'''

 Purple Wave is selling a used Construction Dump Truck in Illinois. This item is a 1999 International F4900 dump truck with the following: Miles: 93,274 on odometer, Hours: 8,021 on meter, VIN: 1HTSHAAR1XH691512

'''
'''

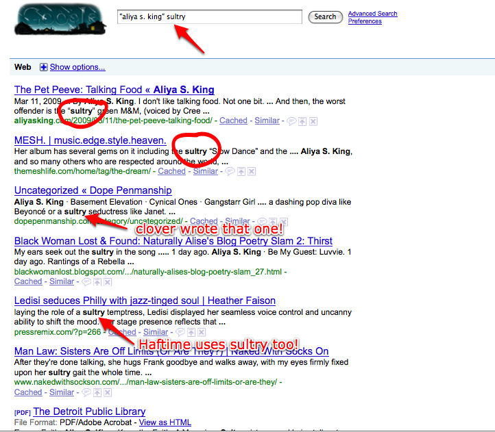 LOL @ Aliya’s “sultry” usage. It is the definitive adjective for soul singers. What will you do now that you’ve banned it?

'''
'''

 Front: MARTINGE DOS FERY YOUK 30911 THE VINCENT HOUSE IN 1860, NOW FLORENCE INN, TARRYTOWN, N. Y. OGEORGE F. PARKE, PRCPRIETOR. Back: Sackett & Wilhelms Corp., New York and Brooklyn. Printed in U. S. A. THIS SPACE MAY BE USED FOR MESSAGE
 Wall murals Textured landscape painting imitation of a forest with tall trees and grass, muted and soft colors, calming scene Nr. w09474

'''

#### The problem:
Lines containing the word "with": copy each of them from the material.

#### Answer area:
 Purple Wave is selling a used Construction Dump Truck in Illinois. This item is a 1999 International F4900 dump truck with the following: Miles: 93,274 on odometer, Hours: 8,021 on meter, VIN: 1HTSHAAR1XH691512
 Wall murals Textured landscape painting imitation of a forest with tall trees and grass, muted and soft colors, calming scene Nr. w09474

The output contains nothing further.